The main provisions of this new scheme will include the following: pensions for all new entrant public servants will be based on "career average" earnings rather than final salary as currently applies; for most public service groups the minimum pension age under the new scheme will be raised from 65 to 66; in tandem with the raising of the minimum pension age, maximum retirement age for the generality of post-2010 public servants will be fixed at age 70.
These represent further significant reform measures. Certain other aspects, including employee contribution rate and pension accrual rate, will be considered by Government in finalising the relevant legislation for the new scheme. As indicated in the National Pensions Strategy, the special service groups such as the Defence Forces "will retain early retirement ages which reflect operational needs and will continue to be paid their pensions at these early retirement ages where this is currently the position". This means the current minimum pension age of 50 will continue to apply to post-2010 new entrant military personnel. Defence Forces retirement ages or upper service limits - as the case may be - will also continue to be determined in accordance with military manpower policy and operational considerations. This approach is consistent with the stated views of the pensions commission.

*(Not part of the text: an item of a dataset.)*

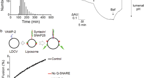 Regulated exocytosis of neuronal synaptic vesicles is substantially faster than that of endocrine dense core vesicles despite similar molecular machineries. Here authors compare SNARE-mediated fusion of purified synaptic vesicles with insulin vesicles and see disparities in calcium-triggered fusion rates.
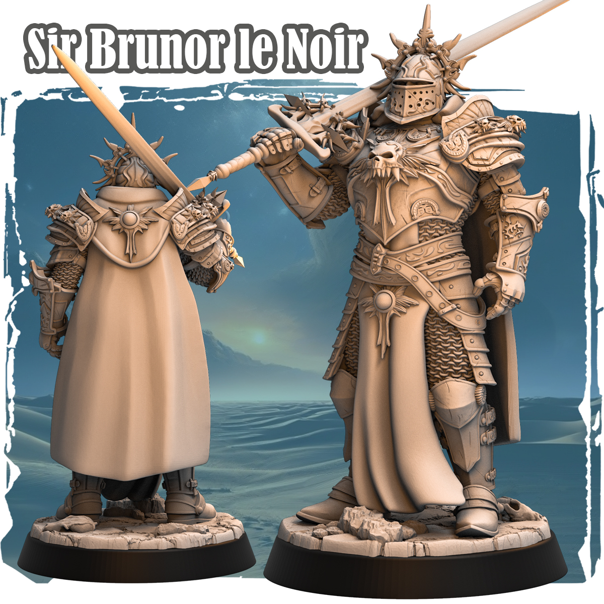 1 Figurine de Sir Brunor le Noir avec dessus de socle, finement détaillée pouvant servir pour des univers Fantasy, d’explorations de donjons. Les modèles proviennent de chez «Haito». Socle noir non inclus.

As I mentioned, fast accrual terms are a key element of the pension arrangements of special service groups such as the Defence Forces. I support the retention of the concept of fast accrual pension terms for military personnel, given its importance to the maintenance of the most effective human resource capability in the Defence Forces. The specific pension accrual rate to apply to groups such as the Defence Forces will be carefully considered in the formulation of the new scheme. In the context of the normal representative machinery, there have been consultations on the new single scheme with the Defence Forces associations, PDFORRA and RACO. This has included discussions with the Department of Finance and at bilaterals with Defence management at departmental and military levels. I am aware that a key concern for the associations, as articulated in those discussions and their submissions on the matter, is the retention of fast accrual pension terms for post-2010 military personnel. Further discussions with the associations are scheduled to take place next week. I do not wish to pre-empt the possible outcome of these discussions or deliberations on the details of the new scheme that remain to be decided by the Government. The committee will appreciate that I cannot therefore comment on such matters in any great detail at this point.
I commend this Supplementary Estimate to the select committee.